"""

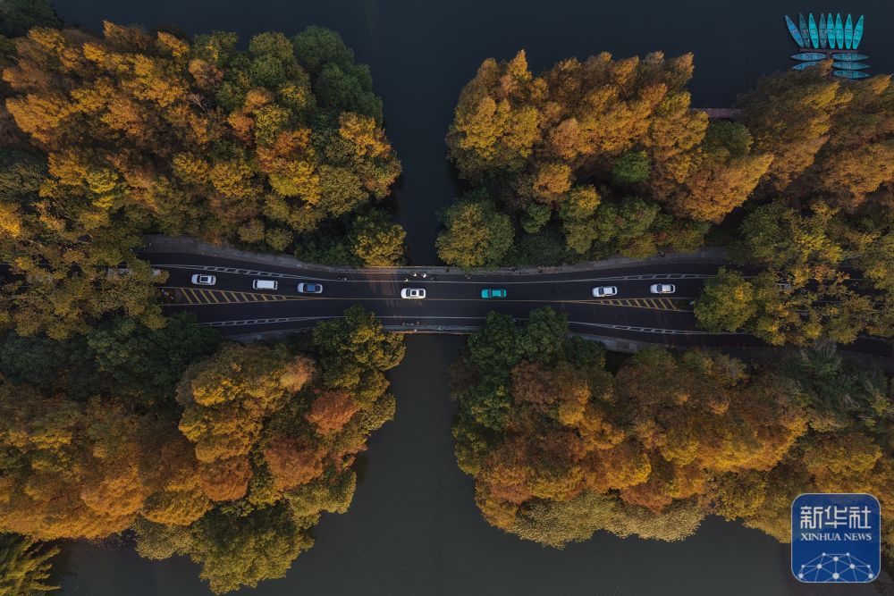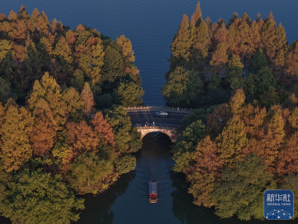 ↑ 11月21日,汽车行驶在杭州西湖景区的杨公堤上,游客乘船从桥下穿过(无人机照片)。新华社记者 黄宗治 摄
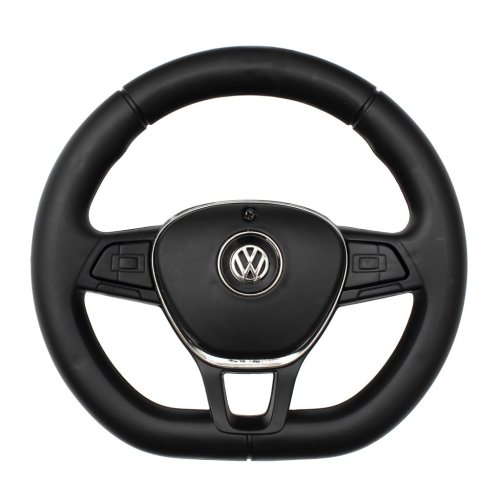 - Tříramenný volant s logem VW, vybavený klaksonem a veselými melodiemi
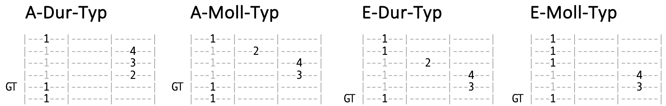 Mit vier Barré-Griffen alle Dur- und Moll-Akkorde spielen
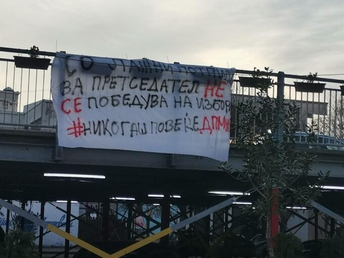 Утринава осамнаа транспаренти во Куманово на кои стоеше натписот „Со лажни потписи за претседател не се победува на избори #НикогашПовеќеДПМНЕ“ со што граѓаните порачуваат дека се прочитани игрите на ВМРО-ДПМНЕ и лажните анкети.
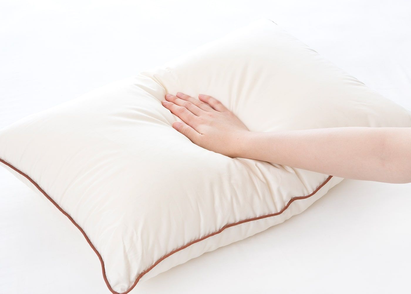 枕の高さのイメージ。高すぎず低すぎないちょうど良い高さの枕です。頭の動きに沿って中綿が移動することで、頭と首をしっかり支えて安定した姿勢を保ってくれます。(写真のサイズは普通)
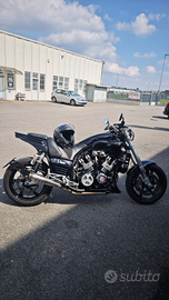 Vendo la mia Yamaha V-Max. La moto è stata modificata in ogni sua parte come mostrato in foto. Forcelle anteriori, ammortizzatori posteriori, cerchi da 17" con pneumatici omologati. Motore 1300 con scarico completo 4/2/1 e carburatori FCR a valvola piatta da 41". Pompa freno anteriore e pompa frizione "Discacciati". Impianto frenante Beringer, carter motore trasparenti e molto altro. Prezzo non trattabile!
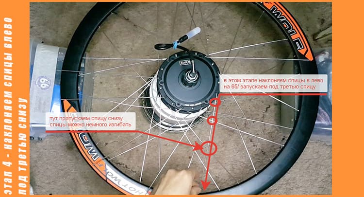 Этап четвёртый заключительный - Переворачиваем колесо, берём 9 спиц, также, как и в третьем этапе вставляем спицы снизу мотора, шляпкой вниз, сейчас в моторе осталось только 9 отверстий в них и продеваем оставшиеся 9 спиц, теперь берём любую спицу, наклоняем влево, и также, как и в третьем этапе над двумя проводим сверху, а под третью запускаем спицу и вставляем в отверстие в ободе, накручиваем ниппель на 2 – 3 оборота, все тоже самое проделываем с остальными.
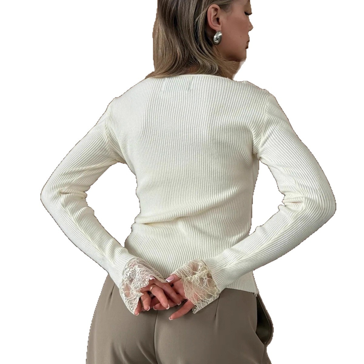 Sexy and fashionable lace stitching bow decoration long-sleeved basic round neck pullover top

"""

▸ TASK ITEM:
Using the data above, return the lines from the one holding "枕の高さのイメージ。高すぎず" through the one holding "Vendo la mia" exactly, but not the pictures.

▸ RESPONSE BOX:
 枕の高さのイメージ。高すぎず低すぎないちょうど良い高さの枕です。頭の動きに沿って中綿が移動することで、頭と首をしっかり支えて安定した姿勢を保ってくれます。(写真のサイズは普通)
 Vendo la mia Yamaha V-Max. La moto è stata modificata in ogni sua parte come mostrato in foto. Forcelle anteriori, ammortizzatori posteriori, cerchi da 17" con pneumatici omologati. Motore 1300 con scarico completo 4/2/1 e carburatori FCR a valvola piatta da 41". Pompa freno anteriore e pompa frizione "Discacciati". Impianto frenante Beringer, carter motore trasparenti e molto altro. Prezzo non trattabile!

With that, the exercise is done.